The National Union of Local Government Employees is set to hold protests across the 36 states of the federation to push for local government autonomy as the National Assembly will today (Tuesday) transmit passed bills seeking to amend parts of the 1999 Constitution to the state Houses of Assembly, The PUNCH has reliably learnt.
The Speakers of the 36 state assemblies are expected to meet in Ibadan this week on which of the amendments to support. However, some governors, including the Chairman of the Nigerian Governors’ Forum, Kayode Fayemi of Ekiti State, have already rejected autonomy for the local governments.
Speaking to The PUNCH on Monday, the National President of NULGE, Hakeem Ambali, said any legislator who voted against local government autonomy would not win re-election next year.
Ambali said members of NULGE had been deployed across the states to press their demands.
“Our campaigns have started. There is no rest until we achieve local government autonomy. I am aware that the Speakers will be meeting in Ibadan during the week. We are continuing our lobby and we are launching operation ‘Occupy the Assembly’. A vote for autonomy will signal victory for you and if you vote against it, kick your aspiration goodbye. That is why we also attended the APC congress,” he said.
It was learnt on Monday that the Clerk to the National Assembly, Mr Ojo Amos, would today (Tuesday) meet with clerks to state Houses of Assembly in Abuja, during which the bills would be presented to them.
A top source in the National Assembly told our correspondent that Amos was to sensitise his counterparts from the states to the constitution amendment process.
“I can confirm to you that the Clerk to the National Assembly will meet with the state clerks tomorrow (Tuesday). The bills will be given to them during the meeting,” the official said.
The National Assembly had on March 1, 2022, voted on the 68 amendments recommended by the Joint Senate and House of Representatives’ Special Ad Hoc Committee on the Review of the 1999 Constitution.
To amend a clause in the constitution, two-third or four-fifth majority of each of the Senate and the House has to approve the amendment after which it will be transmitted to the state Houses of Assembly, where two-third or 24 out of the 36 of them have to concur.
One of the bills already passed by the federal parliament is to “abrogate the state joint local government account and provide for a special account into which shall be paid all allocations due to local government councils from the Federation Account and from the government of the state.”

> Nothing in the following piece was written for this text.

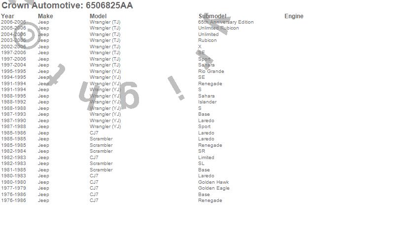 Crown Automotive is the premier manufacturer and distributor of quality replacement parts for Jeep® CJ™, Wrangler™, Cherokee™, Grand Cherokee™, Liberty™, and Commander™."From humble beginnings in 1963 in a small Boston storefront, Crown Automotive has consistently maintained its commitment to offering only quality parts and exceptional service. Today, with warehouses in Massachusetts, Georgia, Nevada, Spain, and the Czech Republic, totaling over 160,000 square feet, Crown Automotive continues to be the leader in quality replacement parts for Jeep® vehicles. With over 8,000 different parts in stock for Jeep® vehicles from 1942 on up, Crown has the largest stock of replacement parts for Jeep® vehicles, including factory-discontinued parts. In fact, many of the older Jeeps are still on (and off) the road thanks to Crown parts. The Crown line consists of axle, body, brake, clutch, cooling, driveline, electrical, engine, exhaust, fuel, steering, suspension, transmission and transfer case components. Crown Automotive also offers an exclusive line of component kits and accessory products. Because we know that Jeeps are driven harder than most other vehicles, we emphasize offering only quality parts. In fact, we test parts on Jeeps before distributing them to our dealers to insure that they meet our standards for quality. Crown also supports its entire line with a 12 month/12,000 mile warranty to insure our dealers and their customers of our commitment to offering quality parts. We know from experience that Jeep® owners would rather pay a little more for a good quality part that's backed by a strong guarantee. But we know that price is important as well. So, not only will you find Crown parts to be of exceptional quality, but you'll find them at a great price too.

Another bill also seeks to establish the local governments as a tier of the government and guarantee their democratic existence and tenure.
A separate bill will “provide for the financial independence of state Houses of Assembly and state judiciary.”
The Speaker of the House of Representatives, Femi Gbajabiamila, had said another batch of amendment bills would be presented for votes by the end of April.
Gbajabiamila is billed to meet with leaders of women groups that had laid siege to the main gate of the National Assembly complex ever since the lawmakers voted against gender related bills in the ongoing amendments to the 1999 Constitution.
The Speaker called for the meeting at the plenary last Wednesday.
Gbajabiamila had last Tuesday drafted the Majority Leader, Alhassan Ado-Doguwa and the Deputy Majority Whip, Nkeiruka Onyejeocha, to address the protesters, who insisted on talking to the leadership of the National Assembly before leaving the gate.
Reporting back to the House at the plenary last Wednesday, Ado-Doguwa said the delegation told the protesters that the parliament would address their grievances within two weeks.
Gbajabiamila, however, noted that the timeframe would depend on when the House’s Special Ad Hoc Committee on the Review of the 1999 Constitution, chaired by the Deputy Speaker, Ahmed Wase, would lay a report on the second batch of amendment bills.
The PUNCH had reported that the three bills, which failed to pass among the first batch of bills, had been re-represented to the committee.
Gbajabiamila had said, “We don’t want to take this in isolation; we will take it together with other reports.
“We might be going on Ramadan break soon but Honourable Nkeiruka Onyejeocha, please arrange a meeting with the representatives of the women with me in the office next week.”
The House had on March 8, 2022, reversed itself on three of the five gender related bills, identified as bills 36, 37 and 38, that failed to pass.
Gbajabiamila had noted that the three bills would be included in the second batch of amendment bills to be considered, saying the House would “relist them on the next set of amendments coming up, I believe, within the next four weeks. They will come again to vote.”
Bill 36 seeks to “expand the scope of citizenship by registration” by allowing a foreigner – male or female – who marries a Nigerian to become a Nigerian citizen.
Bill 37 seeks to “provide for affirmative action (35 per cent of leadership slots) for women in political party administration.”
While Bill 38 is to “provide criteria for qualification to become an indigene of a state in Nigeria,” such that a woman from a state, who is married to a man from another state and lives with her husband for five years, becomes an indigene of the man’s state and is eligible to occupy public offices in her husband’s state.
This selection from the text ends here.